● COLLECTED MATERIAL

◇ ◇ ◇

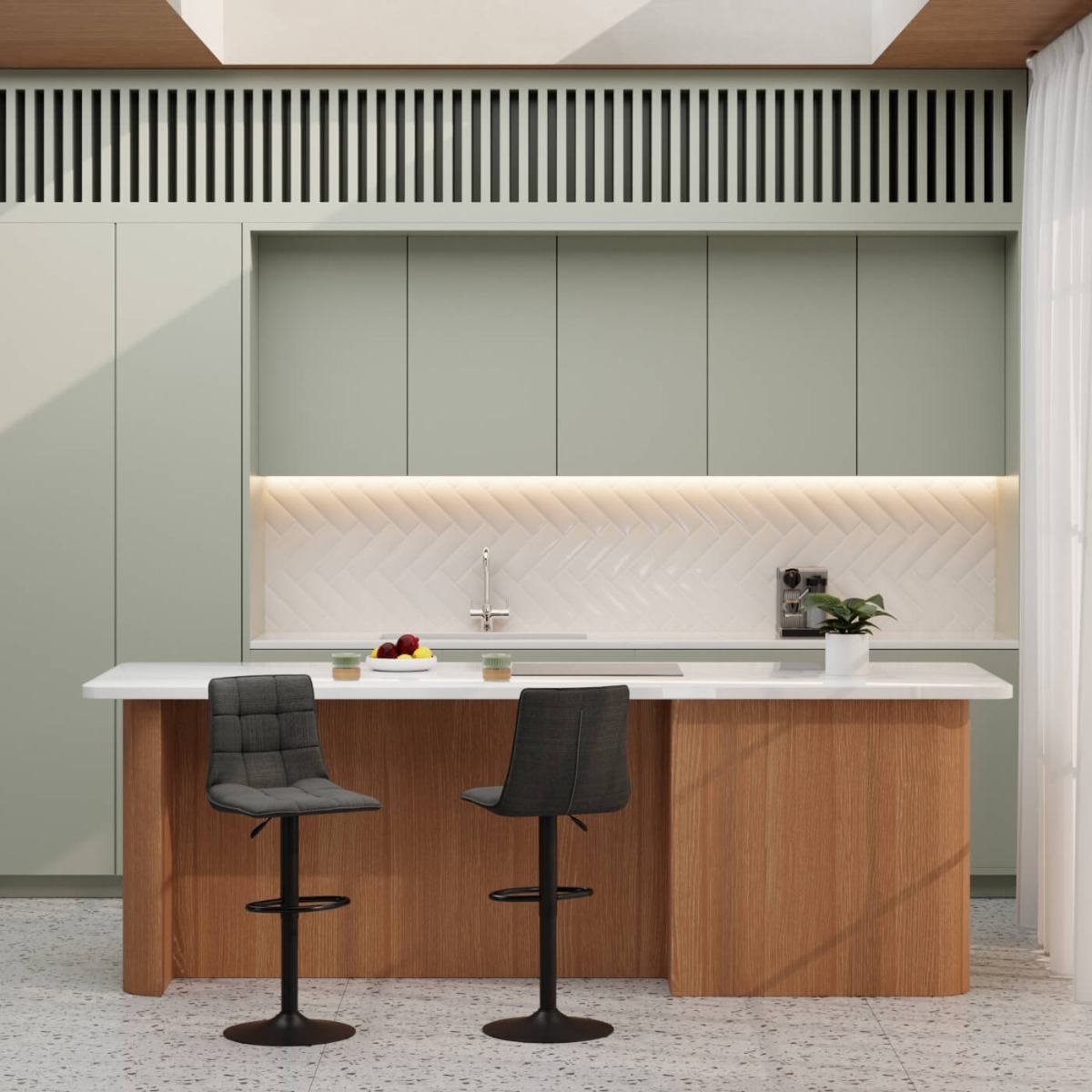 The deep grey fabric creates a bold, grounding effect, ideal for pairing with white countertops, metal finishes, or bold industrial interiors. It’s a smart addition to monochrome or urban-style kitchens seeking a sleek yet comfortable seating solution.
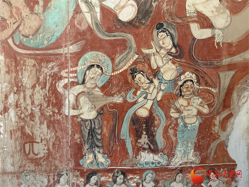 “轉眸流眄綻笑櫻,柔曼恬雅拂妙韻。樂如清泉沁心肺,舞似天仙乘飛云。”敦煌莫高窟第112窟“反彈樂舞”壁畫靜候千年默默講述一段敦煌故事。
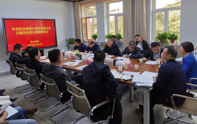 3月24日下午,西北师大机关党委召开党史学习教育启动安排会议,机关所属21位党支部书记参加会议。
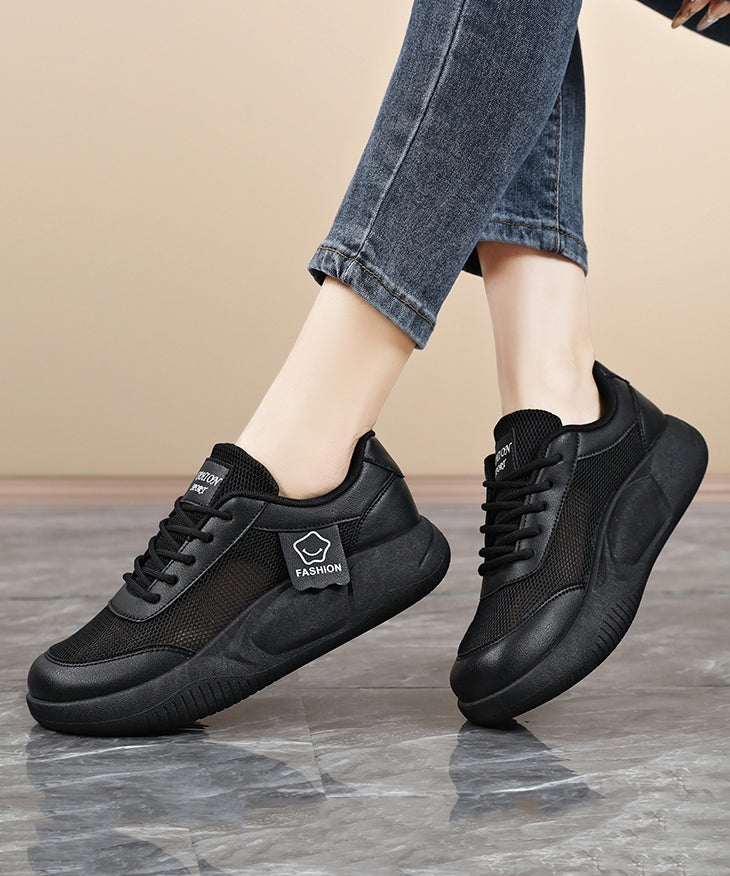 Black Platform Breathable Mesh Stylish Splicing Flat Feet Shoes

◇ ◇ ◇

● BRIEF
Restate each line of the material word for word, skipping any picture.

● FINAL ANSWER
 The deep grey fabric creates a bold, grounding effect, ideal for pairing with white countertops, metal finishes, or bold industrial interiors. It’s a smart addition to monochrome or urban-style kitchens seeking a sleek yet comfortable seating solution.
 “轉眸流眄綻笑櫻,柔曼恬雅拂妙韻。樂如清泉沁心肺,舞似天仙乘飛云。”敦煌莫高窟第112窟“反彈樂舞”壁畫靜候千年默默講述一段敦煌故事。
 3月24日下午,西北师大机关党委召开党史学习教育启动安排会议,机关所属21位党支部书记参加会议。
 Black Platform Breathable Mesh Stylish Splicing Flat Feet Shoes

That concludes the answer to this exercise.